The chassis dissipates almost 200 W and operates on military aircraft reaching altitudes up to 50,000 ft. Flotherm from Flomerics Inc., Marlborough, Mass., provided the simulation software.

Hybricon engineer Michael Palis says the ATR uses forced-air cooling, so fan performance, heat-sink design, and the amount of airflow going through the enclosure are critical. Problems arise because electronics are difficult to cool at high altitudes, where air has less density than at sea level. Airflow through the device must rise by a large factor just to maintain the same cooling level.

Among other items, the chassis contained a fan, nine PCBs, two power supplies, and two cold walls for mounting various components. Cards in the unit conduct heat to their edges through traces. PCB fasteners provide connections between the PCB and the conductioncard case. The fans draw ambient air across twin heat sinks. The critical requirement: The chassis must maintain PCB temperatures at 75°C or less at high altitudes.

“We created a Flotherm model using simple cuboid elements to represent most components,” Palis says. “We modeled heat dissipation as a 70% transfer from the PCB to the card cage, and a 30% transfer through the fastener.
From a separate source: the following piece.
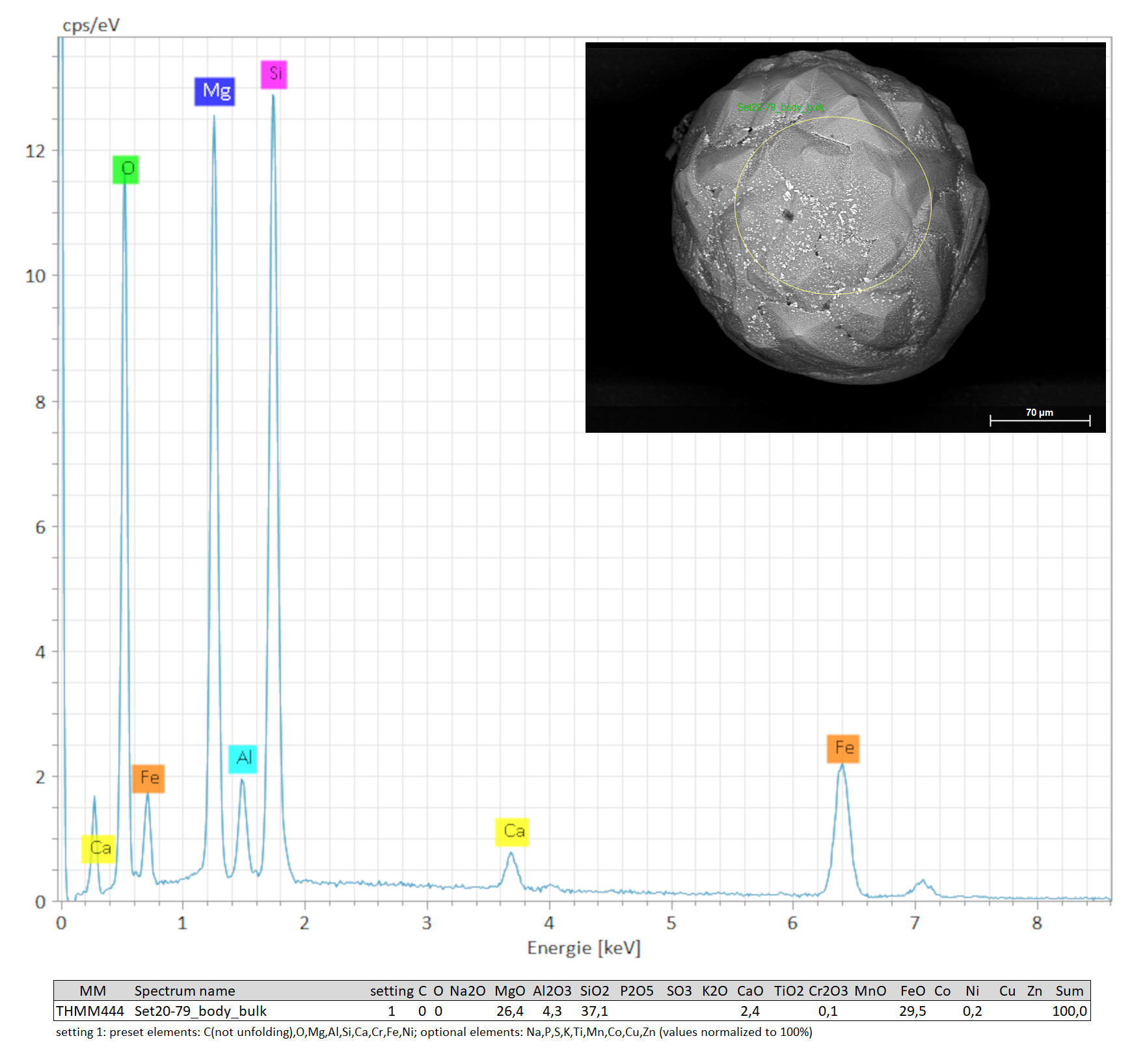 Size: Ø 240 µm | Shape: roundish | Colour: grey/black

We used planar sources to simulate heat loadings, and did not consider convection in the card cage.”

The fan curve came from the manufacturer’s Web site, but Palis modified it to account for varying air density at different altitudes. He selected a fan from the Flotherm library with performance close to the actual fan, tweaked parameters, and dropped the modified fan on the cooling model.
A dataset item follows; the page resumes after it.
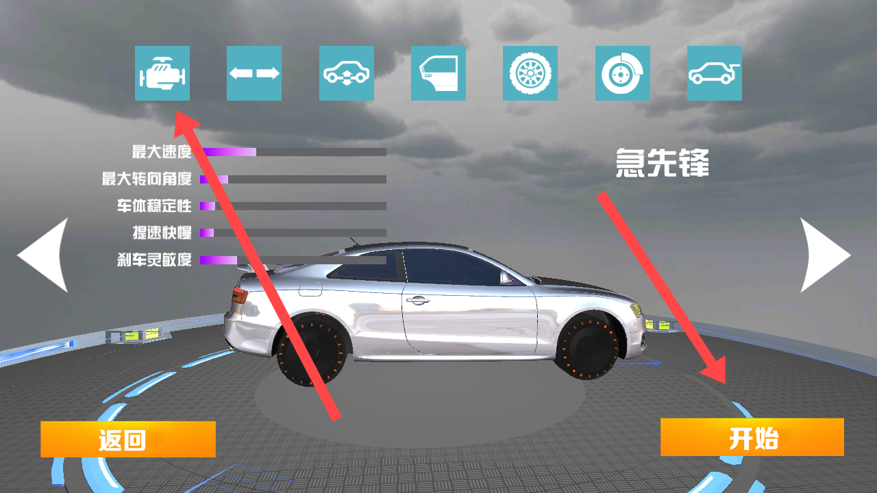 2、賽前裝備界面,上方可以改裝各種汽車部件,然后點(diǎn)擊下方開始駕駛。

“We also optimized the number of fins on the heat sink,” says Palis. “We set up the software to vary parameters over a range, as well as monitor points on the edges of each PCB to track the performance of each design. The software ran each iteration and simulated flow velocity and temperatures in the enclosure.”

Palis swapped in fans until the simulation showed temperatures well below 75°C. The real ATR chassis, based on Flotherm results, performed almost exactly as predicted by the simulation.